From: Julien Grall <julien.grall@linaro.org>
To: xen-devel@lists.xenproject.org
Cc: Ian Campbell <Ian.Campbell@eu.citrix.com>,
Paolo Valente <paolo.valente@unimore.it>,
Keir Fraser <keir@xen.org>,
ian.campbell@citrix.com,
Stefano Stabellini <stefano.stabellini@eu.citrix.com>,
Ian Jackson <Ian.Jackson@eu.citrix.com>,
Dario Faggioli <dario.faggioli@citrix.com>,
tim@xen.org, Julien Grall <julien.grall@citrix.com>,
Eric Trudeau <etrudeau@broadcom.com>,
Andrew Cooper <andrew.cooper3@citrix.com>,
stefano.stabellini@citrix.com, Jan Beulich <JBeulich@suse.com>,
Arianna Avanzini <avanzini.arianna@gmail.com>,
Viktor Kleinik <viktor.kleinik@globallogic.com>
Subject: Re: [PATCH v2 01/21] xen/common: do not implicitly permit access to mapped I/O memory
Date: Thu, 31 Jul 2014 16:22:18 +0100 [thread overview]
Message-ID: <53DA5F2A.9070705@linaro.org> (raw)
In-Reply-To: <1406818852-31856-2-git-send-email-julien.grall@linaro.org>
Hi all,
Please forgot this patch.
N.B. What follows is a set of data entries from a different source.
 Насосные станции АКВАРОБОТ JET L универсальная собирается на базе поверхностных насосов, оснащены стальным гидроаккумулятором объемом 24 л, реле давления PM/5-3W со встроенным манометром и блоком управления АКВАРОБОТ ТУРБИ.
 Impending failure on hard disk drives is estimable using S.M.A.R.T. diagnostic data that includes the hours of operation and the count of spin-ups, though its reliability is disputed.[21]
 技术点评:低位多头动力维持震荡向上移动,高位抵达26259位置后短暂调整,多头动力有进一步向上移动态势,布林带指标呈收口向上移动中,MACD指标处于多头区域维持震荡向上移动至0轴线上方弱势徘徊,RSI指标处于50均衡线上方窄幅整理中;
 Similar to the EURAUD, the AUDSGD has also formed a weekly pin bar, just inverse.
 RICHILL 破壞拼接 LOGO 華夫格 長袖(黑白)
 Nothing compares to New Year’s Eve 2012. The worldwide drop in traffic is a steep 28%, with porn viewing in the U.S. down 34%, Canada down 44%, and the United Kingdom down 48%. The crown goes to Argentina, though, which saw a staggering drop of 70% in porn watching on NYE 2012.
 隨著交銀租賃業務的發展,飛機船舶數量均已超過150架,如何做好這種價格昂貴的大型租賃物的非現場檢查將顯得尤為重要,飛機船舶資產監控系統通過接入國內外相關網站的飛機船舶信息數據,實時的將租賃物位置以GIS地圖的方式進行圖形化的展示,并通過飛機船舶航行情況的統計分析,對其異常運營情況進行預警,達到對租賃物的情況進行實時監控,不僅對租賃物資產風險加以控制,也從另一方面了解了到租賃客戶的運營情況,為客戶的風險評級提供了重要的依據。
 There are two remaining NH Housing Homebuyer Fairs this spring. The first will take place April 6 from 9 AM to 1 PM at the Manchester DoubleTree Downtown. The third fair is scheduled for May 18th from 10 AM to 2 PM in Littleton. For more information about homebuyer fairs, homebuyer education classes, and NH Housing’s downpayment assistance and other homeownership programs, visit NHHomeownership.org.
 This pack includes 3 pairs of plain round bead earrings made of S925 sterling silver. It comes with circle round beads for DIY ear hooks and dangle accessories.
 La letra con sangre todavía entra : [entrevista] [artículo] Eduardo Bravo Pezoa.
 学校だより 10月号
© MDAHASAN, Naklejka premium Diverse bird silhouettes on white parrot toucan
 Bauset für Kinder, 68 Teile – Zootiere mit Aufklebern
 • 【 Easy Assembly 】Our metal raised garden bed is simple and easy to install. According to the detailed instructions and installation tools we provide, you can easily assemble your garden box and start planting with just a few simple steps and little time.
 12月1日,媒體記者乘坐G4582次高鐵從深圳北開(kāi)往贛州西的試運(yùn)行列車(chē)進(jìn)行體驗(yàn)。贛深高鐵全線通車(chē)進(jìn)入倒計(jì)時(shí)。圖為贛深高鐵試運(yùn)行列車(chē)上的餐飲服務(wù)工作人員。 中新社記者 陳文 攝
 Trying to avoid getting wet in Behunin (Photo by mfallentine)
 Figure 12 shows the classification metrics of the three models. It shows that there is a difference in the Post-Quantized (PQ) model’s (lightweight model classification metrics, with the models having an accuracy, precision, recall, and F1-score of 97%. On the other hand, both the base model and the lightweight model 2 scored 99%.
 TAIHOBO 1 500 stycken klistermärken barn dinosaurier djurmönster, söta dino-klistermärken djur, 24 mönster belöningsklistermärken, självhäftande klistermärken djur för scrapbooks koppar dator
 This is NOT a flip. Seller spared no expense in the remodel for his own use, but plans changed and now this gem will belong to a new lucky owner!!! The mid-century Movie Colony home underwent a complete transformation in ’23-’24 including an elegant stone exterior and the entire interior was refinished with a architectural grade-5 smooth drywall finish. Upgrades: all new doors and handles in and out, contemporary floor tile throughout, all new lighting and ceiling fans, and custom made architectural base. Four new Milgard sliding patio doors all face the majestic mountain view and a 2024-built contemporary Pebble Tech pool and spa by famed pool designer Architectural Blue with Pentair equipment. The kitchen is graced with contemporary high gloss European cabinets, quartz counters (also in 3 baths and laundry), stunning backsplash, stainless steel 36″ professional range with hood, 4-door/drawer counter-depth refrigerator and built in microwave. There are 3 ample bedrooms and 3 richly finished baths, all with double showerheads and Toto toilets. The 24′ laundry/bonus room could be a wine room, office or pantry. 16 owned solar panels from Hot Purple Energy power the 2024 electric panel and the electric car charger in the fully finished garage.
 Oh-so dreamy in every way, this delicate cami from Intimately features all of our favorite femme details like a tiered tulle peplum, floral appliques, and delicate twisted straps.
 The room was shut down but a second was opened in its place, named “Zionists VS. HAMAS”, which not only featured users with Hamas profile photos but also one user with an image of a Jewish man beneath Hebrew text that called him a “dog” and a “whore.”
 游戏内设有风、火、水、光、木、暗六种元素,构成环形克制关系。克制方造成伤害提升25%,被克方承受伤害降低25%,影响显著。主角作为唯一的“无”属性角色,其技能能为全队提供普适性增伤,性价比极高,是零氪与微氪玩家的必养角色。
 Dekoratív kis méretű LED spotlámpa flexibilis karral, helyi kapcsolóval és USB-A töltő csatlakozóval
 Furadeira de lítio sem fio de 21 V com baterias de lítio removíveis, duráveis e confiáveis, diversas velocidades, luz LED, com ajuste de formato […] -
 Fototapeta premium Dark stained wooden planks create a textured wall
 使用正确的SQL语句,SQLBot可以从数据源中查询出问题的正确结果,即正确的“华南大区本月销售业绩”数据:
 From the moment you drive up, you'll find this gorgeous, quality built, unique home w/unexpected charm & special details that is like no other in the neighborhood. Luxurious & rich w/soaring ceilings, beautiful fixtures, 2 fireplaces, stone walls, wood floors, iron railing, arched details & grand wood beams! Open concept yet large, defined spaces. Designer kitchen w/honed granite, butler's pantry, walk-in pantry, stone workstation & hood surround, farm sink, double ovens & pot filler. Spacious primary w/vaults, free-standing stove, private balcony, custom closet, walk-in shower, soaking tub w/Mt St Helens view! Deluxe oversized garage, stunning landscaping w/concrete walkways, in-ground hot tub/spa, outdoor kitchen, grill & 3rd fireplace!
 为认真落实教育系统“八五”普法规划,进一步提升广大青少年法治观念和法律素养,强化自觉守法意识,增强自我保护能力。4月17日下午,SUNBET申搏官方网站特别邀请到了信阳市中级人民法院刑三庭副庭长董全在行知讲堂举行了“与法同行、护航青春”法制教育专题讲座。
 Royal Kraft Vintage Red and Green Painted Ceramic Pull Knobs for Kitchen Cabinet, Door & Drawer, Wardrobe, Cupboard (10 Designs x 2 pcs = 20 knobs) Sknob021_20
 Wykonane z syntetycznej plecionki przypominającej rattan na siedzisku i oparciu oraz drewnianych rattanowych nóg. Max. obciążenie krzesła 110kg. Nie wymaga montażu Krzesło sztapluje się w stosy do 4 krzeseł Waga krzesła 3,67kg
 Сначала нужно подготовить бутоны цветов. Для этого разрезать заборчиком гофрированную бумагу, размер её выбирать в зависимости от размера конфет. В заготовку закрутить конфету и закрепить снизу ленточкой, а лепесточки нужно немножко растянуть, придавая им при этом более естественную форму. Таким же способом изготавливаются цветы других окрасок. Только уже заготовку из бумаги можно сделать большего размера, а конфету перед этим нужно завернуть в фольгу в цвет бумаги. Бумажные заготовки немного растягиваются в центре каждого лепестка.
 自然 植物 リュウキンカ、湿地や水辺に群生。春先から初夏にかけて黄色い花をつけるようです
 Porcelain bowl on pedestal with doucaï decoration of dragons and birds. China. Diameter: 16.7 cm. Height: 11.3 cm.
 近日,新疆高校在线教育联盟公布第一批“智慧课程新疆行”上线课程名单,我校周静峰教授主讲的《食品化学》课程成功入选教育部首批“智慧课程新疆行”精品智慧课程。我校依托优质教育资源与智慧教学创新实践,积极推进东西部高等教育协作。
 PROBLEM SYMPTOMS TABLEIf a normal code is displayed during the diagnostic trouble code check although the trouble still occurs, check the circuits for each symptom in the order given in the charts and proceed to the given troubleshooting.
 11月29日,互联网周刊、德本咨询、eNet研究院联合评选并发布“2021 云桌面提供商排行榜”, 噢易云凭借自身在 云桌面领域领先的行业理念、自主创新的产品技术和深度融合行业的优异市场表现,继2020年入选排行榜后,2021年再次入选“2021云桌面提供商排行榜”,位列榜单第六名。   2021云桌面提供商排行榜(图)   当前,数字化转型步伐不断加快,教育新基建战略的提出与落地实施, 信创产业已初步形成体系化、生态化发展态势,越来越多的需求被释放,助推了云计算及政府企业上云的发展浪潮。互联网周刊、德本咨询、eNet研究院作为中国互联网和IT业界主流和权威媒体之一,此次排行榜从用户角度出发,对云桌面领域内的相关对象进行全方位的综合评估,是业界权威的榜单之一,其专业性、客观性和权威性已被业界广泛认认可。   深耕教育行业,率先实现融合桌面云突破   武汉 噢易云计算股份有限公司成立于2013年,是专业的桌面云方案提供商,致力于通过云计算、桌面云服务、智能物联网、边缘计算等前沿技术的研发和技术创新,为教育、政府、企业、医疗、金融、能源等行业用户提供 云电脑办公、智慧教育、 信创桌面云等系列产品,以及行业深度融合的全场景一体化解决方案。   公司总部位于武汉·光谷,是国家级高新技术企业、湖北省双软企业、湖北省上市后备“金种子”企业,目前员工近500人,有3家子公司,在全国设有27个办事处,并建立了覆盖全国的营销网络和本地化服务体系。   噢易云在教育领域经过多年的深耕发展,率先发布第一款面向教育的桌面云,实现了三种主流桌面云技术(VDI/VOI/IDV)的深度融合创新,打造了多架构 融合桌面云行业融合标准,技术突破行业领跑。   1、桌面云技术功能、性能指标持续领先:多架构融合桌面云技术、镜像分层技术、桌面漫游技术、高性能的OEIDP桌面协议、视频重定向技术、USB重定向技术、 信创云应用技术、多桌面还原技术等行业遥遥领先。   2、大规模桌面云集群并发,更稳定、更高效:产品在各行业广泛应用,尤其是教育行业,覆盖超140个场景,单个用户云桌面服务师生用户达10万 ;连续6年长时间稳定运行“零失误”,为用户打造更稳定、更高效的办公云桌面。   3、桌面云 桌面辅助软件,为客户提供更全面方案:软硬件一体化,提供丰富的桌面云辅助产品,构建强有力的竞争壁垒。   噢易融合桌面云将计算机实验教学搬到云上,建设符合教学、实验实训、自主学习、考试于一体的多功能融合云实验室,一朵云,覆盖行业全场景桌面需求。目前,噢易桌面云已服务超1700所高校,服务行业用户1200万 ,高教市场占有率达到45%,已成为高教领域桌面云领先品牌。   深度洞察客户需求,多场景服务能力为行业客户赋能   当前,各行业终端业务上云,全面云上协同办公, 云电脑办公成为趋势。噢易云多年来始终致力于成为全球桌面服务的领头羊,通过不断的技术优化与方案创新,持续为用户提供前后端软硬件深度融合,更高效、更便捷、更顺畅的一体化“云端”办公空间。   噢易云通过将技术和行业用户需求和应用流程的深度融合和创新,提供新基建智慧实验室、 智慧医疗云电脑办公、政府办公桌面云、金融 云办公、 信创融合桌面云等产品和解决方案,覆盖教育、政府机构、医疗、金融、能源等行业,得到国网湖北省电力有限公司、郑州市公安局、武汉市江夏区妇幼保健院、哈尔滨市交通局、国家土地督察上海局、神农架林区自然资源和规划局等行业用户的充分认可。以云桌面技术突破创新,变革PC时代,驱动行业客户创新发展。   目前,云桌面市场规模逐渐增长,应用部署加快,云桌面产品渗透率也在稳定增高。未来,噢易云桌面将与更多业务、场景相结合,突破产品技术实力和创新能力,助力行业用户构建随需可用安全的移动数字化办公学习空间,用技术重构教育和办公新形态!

I've added it by mistake in my series.
Regards,
On 07/31/2014 04:00 PM, Julien Grall wrote:
> From: Arianna Avanzini <avanzini.arianna@gmail.com>
>
> Currently, the XEN_DOMCTL_memory_mapping hypercall implicitly grants
> to a domain access permission to the I/O memory areas mapped in its
> guest address space. This conflicts with the presence of a specific
> hypercall (XEN_DOMCTL_iomem_permission) used to grant such a permission
> to a domain.
> This commit separates the functions of the two hypercalls by having only
> the latter be able to permit I/O memory access to a domain, and the
> former just performing the mapping after a permissions check on both the
> granting and the grantee domains.
>
> Signed-off-by: Arianna Avanzini <avanzini.arianna@gmail.com>
> Cc: Dario Faggioli <dario.faggioli@citrix.com>
> Cc: Paolo Valente <paolo.valente@unimore.it>
> Cc: Stefano Stabellini <stefano.stabellini@eu.citrix.com>
> Cc: Julien Grall <julien.grall@citrix.com>
> Cc: Ian Campbell <Ian.Campbell@eu.citrix.com>
> Cc: Jan Beulich <JBeulich@suse.com>
> Cc: Keir Fraser <keir@xen.org>
> Cc: Tim Deegan <tim@xen.org>
> Cc: Ian Jackson <Ian.Jackson@eu.citrix.com>
> Cc: Andrew Cooper <andrew.cooper3@citrix.com>
> Cc: Eric Trudeau <etrudeau@broadcom.com>
> Cc: Viktor Kleinik <viktor.kleinik@globallogic.com>
> ---
> xen/common/domctl.c | 36 ++++++++++--------------------------
> 1 file changed, 10 insertions(+), 26 deletions(-)
>
> diff --git a/xen/common/domctl.c b/xen/common/domctl.c
> index 80b7800..04ecd53 100644
> --- a/xen/common/domctl.c
> +++ b/xen/common/domctl.c
> @@ -917,7 +917,8 @@ long do_domctl(XEN_GUEST_HANDLE_PARAM(xen_domctl_t) u_domctl)
> break;
>
> ret = -EPERM;
> - if ( !iomem_access_permitted(current->domain, mfn, mfn_end) )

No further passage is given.